Read the responses with shortened column names.

In [None]:
df = pd.read_csv('survey_short_columns.csv', index_col=0)

Merge in the themes and keywords for the free-text questions.

In [None]:
files = glob.glob('./*_themes.csv')
files.append('./roles.csv')
for fn in files:
    theme_df = pd.read_csv(fn, sep=';', index_col=0)
    df = df.merge(theme_df, left_index=True, right_index=True, how='left')

## About the Survey Respondents

We start with information about the respondants themselves. Most of the questions in this section have a fixed set of possible responses. Only one allows for free text responses.

#### Q1: How often do you use Jupyter Notebook?

The majority of respondants use the notebook on a daily and weekly basis.

In [None]:
how_often_counts = df.how_often.value_counts().reindex(utils.group_orders['how_often'])
ax = sns.barplot(how_often_counts.index, how_often_counts.values)
ax.set_ylabel('Respondants')
_ = ax.set_xlabel('Notebook Usage')

#### Q3: Roughly how long have you been using Jupyter Notebook?

The majority of respondents have been users Jupyter for longer than a year.

In [None]:
how_long_counts = df.how_long_used.value_counts().reindex(utils.group_orders['how_long_used'])
ax = sns.barplot(how_long_counts.index, how_long_counts.values)
ax.set_ylabel('Respondants')
_ = ax.set_xlabel('Notebook Experience')

The distribution of frequency of use is skewed toward daily/weekly in both the more and less experienced user groups.

In [None]:
long_x_often = pd.crosstab(df.how_long_used, df.how_often)
long_x_often = long_x_often.reindex(utils.group_orders['how_long_used'], utils.group_orders['how_often'])
long_x_often.columns.name = 'Notebook Usage'
ax = long_x_often.plot(kind='bar')
ax.set_ylabel('Respondents')
ax.set_xlabel('Notebook Experience')
_ = ax.set_xticklabels(ax.get_xmajorticklabels(), rotation=25, ha='right')

#### Q13: What is your primary role when using Jupyter Notebook (e.g., student, astrophysicist, financial modeler, business manager, etc.)?

Most respondents name a single job role (e.g., data scientist). Some state more than one (e.g., student, practicing statistician).

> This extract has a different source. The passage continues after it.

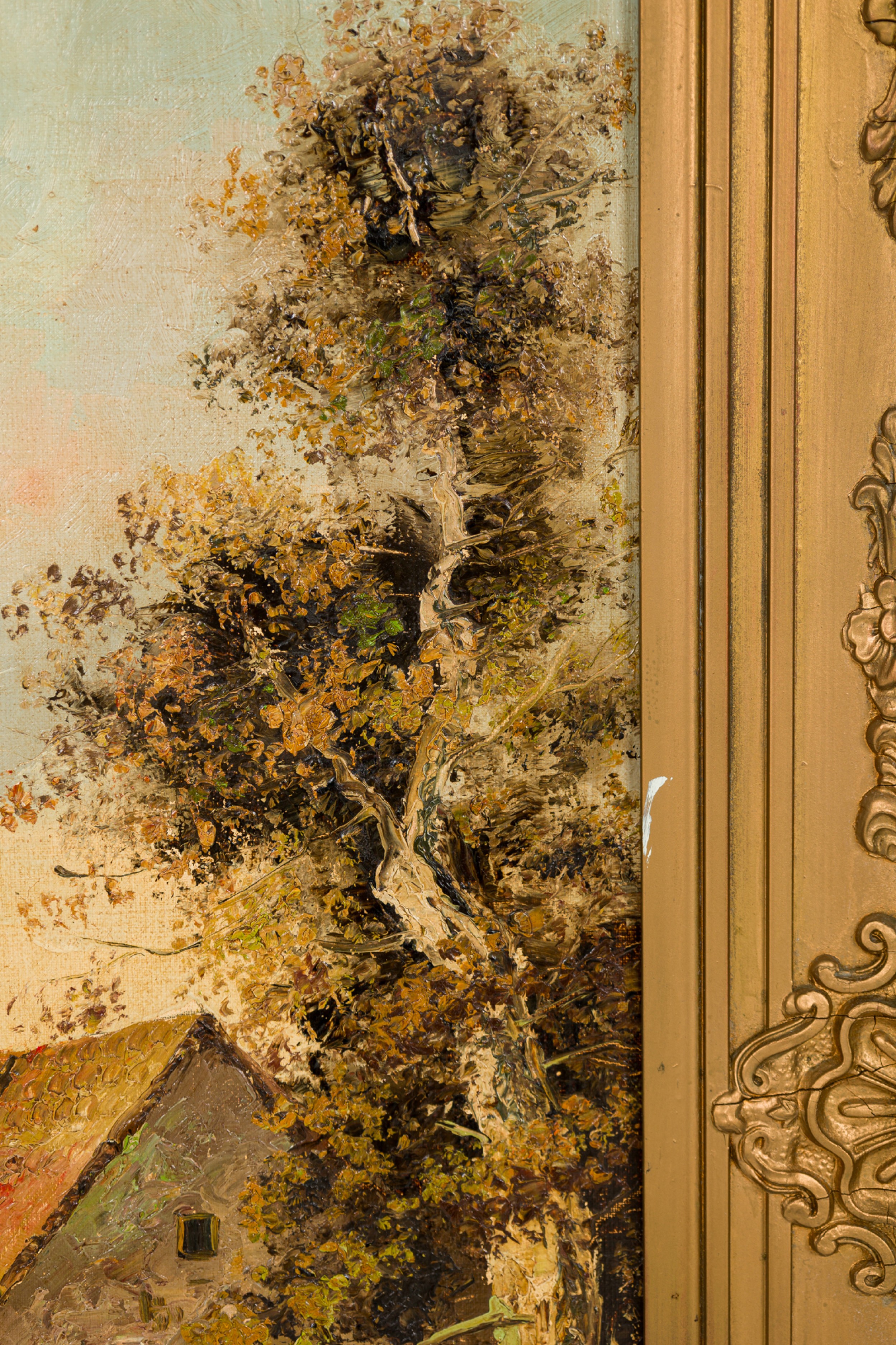 French Impressinist style landscape painting of homes near a pond in a carved gold frame (signed ?)

Data scientist, student, scientist, researcher, and developer are the most common.

In [None]:
utils.explore(df, [df.roles_roles, df.roles_keywords], utils.default_labels[::-1])

#### Q14: How many years have you been in this role?

Most respondents have 2+ years of experience in their job role.

In [None]:
counts = df.years_in_role.value_counts()
counts = counts.reindex(utils.group_orders['years_in_role'])
ax = sns.barplot(counts.index, counts.values)
ax.set_ylabel('Respondents')
_ = ax.set_xlabel('Years in Job Role')

#### Q5: How do you run the Jupyter Notebook?

The vast majority of respondants run Jupyter as a standalone application.

In [None]:
counts = df.how_run.value_counts()
counts = counts.reindex(utils.group_orders['how_run'])
ax = sns.barplot(counts.index, counts.values)
ax.set_ylabel('Respondents')
_ = ax.set_xlabel('Notebook Environment')

Write-in responses vary widely. Many are more specific version of "as a standalone application."

In [None]:
df.how_run_other.dropna().sample(20)

#### Q16: How many people typically see and/or interact with the results of your work in Jupyter Notebook? (Consider people who view your notebooks on nbviewer, colleagues who rerun your notebooks, developers who star your notebook repos on GitHub, audiences who see your notebooks as slideshows, etc.)

Most of the respondents create notebooks for tens or hundreds of users. Few write for thousands of users or more.

In [None]:
counts = df.audience_size.value_counts()
counts = counts.reindex(utils.group_orders['audience_size'])
ax = sns.barplot(counts.index, counts.values)
ax.set_ylabel('Respondants')
_ = ax.set_xlabel('Typical Notebook Audience')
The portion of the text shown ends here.